Il lavoro dell’infermiere e dell’operatore socio-sanitario, in tali contesti, si caratterizza non solo per il lavoro notturno ma anche per la costante presenza di fatiche fisiche e psichiche nell’espletamento delle attività.
L’AUDIZIONE
Al senato sono stati auditi la Fnopi, la Federazione nazionale degli Ordini delle professioni infermieristiche e le tre organizzazioni sindacali confederali Cgil, Cisl e Uil. Alla luce della dura esperienza della pandemia e della cronica carenza di personale infermieristico (CREA la quantifica in più di 237 mila unità) l’esigenza di approvazione della norma è diventata acuta. Oltre ai turni massacranti, all’uso continuo delle tute e dei Dpi secondo le informazioni presentate dalla Fnopi sulla scorta di una indagine condotta da Cergas Bocconi, l’11,8% del personale di Asl e ospedali attualmente ha una inidoneità fisica che ne limita la mansione e il 7,8% inidoneità parziali permanenti. Senza contare lo stress correlato al lavoro nelle corsie Covid che incide (sindrome post traumatica da stress) per una percentuale tra il 30 e il 50%. Sempre per la Fnopi, va tenuto in conto il fenomeno delle aggressioni fisiche e verbali che coinvolge l’89% del personale infermieristico.
I SINDACATI
Da tutte le organizzazioni sindacali è stato sottolineato come, allo stato attuale, solo pochi professionisti infermieri riescono ad entrare nella categoria degli “usuranti” (almeno 6 ore di turno notturno per un minimo di 78 notti all’anno oppure 3 ore nella fascia dalla mezzanotte alle 5 del mattino nell’arco dell’anno).
La riforma della legge Fornero portata avanti dai confederali Cgil, Cisl e Uil c’è già il riconoscimento della diversa gravosità dei lavori con una flessibilità diversa in uscita che dipende dalla mansione svolta in corsia. Il contesto in cui si inserisce il progetto di legge è quello della più generale riforma delle pensioni, interrotta il 3 febbraio scorso e che doveva riprendere con il confronto politico tra il Ministro del Lavoro Andrea Orlando e i sindacati per ora rimandato a data da destinarsi.
Su questo spinoso tema interviene anche l’Ugl Salute che sottolinea come riconoscere queste attività come lavoro usurante sia “un atto dovuto e di assoluta civiltà”. “Mi chiedo – avverte il Segretario nazionale Ugl Salute – cosa ostacoli un passo così importante verso categorie di professionisti costretti a svolgere la propria attività in condizioni critiche”.
Nei rapporti Inail, su malattie ed infortuni, gli operatori sanitari sono in testa nel numero di contagiati e deceduti.
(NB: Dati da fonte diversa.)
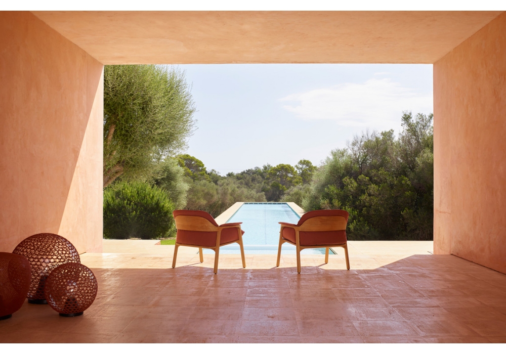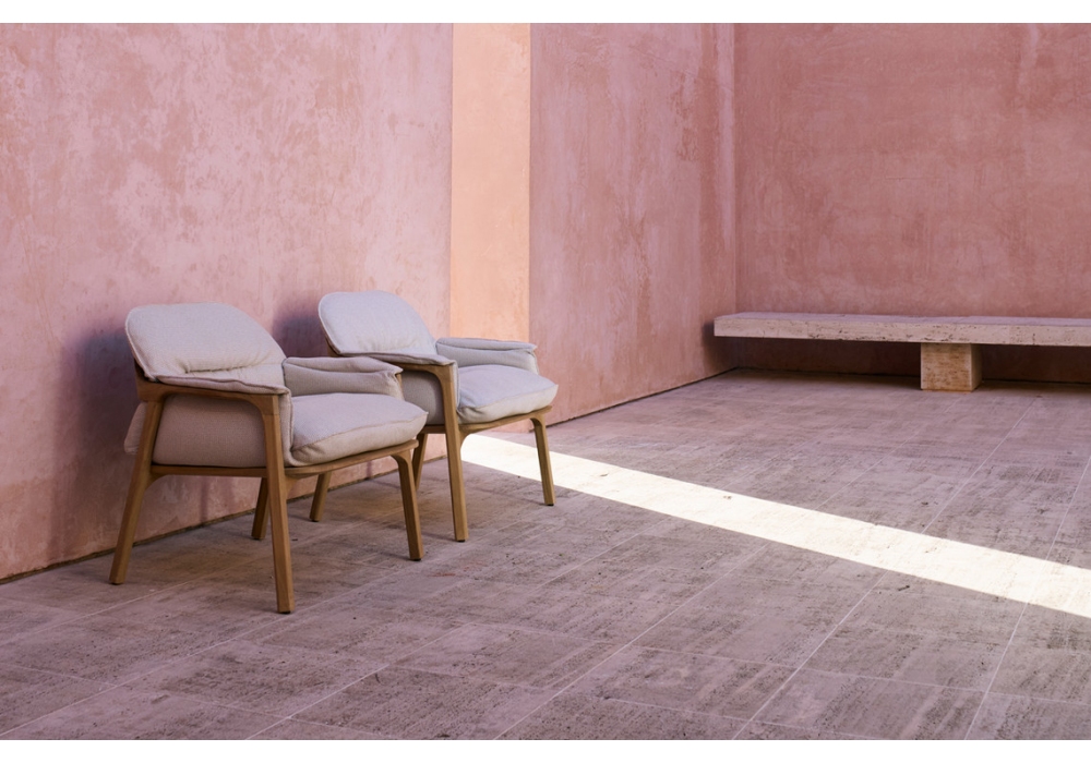 Nomad firmata da Monica Armani per Tribù è una poltrona con struttura realizzata in legno di teak e rivestimento in tessuto per esterni, disponibile in diverse finiture.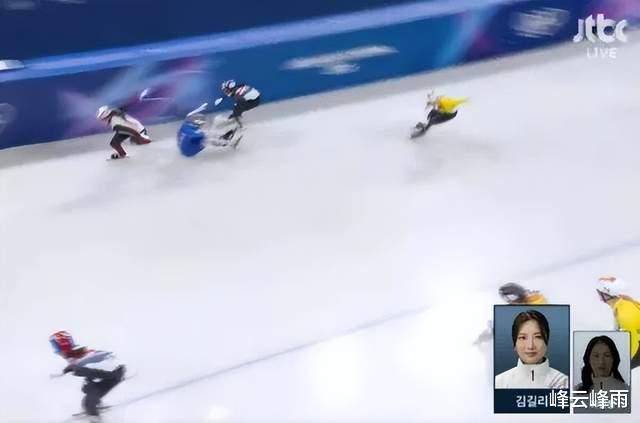 根据规则,若比赛中因两名选手直接接触(犯规)导致摔倒,则需满足该选手在摔倒时处于前两名以内,方可晋级下一轮。但韩国队被判定在比赛过程中为第三名,因而未能获得补救。教练组虽提出抗议但无济于事。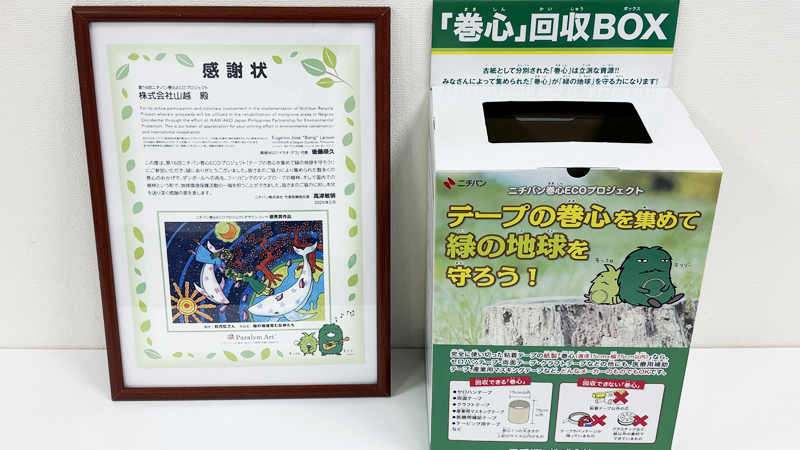 弊社は、ニチバン株式会社が推進する「巻き芯回収プロジェクト」に参加しています。使用済みのセロテープやガムテープなどの巻き芯を回収・再資源化することで、廃棄物の削減と資源の有効活用に貢献しています。印刷業として環境への責任を果たすため、日々の業務の中でもできることから取り組んでいます。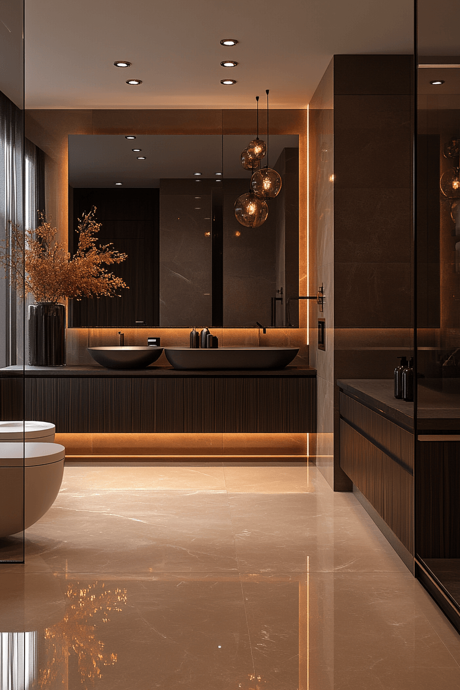 Elevated finishes create a modern luxury bathroom that feels rich, polished, and indulgent. Freestanding tubs paired with marble enhance the upscale look. Metallic accents add subtle glamour. Statement lighting adds visual interest. Every detail contributes to a refined experience. Tap here to explore opulent modern luxury bathroom inspirations.

Organici carenti, turni massacranti, mancanza di riposo, ferie e permessi centellinati e mai goduti per un periodo lungo, scarse condizioni di sicurezza i nodi irrisolti delle due categorie professionali. “A questo proposito – prosegue il sindacalista – penso agli incidenti stradali che nei giorni scorsi hanno visto coinvolti alcuni equipaggi di ambulanze impegnati in servizio. Episodi di aggressioni fisiche e verbali sono sempre più frequenti così come lo stress psico-fisico a cui sono sottoposti i professionisti della salute. Un quadro drammatico spesso ignorato o sottovalutato.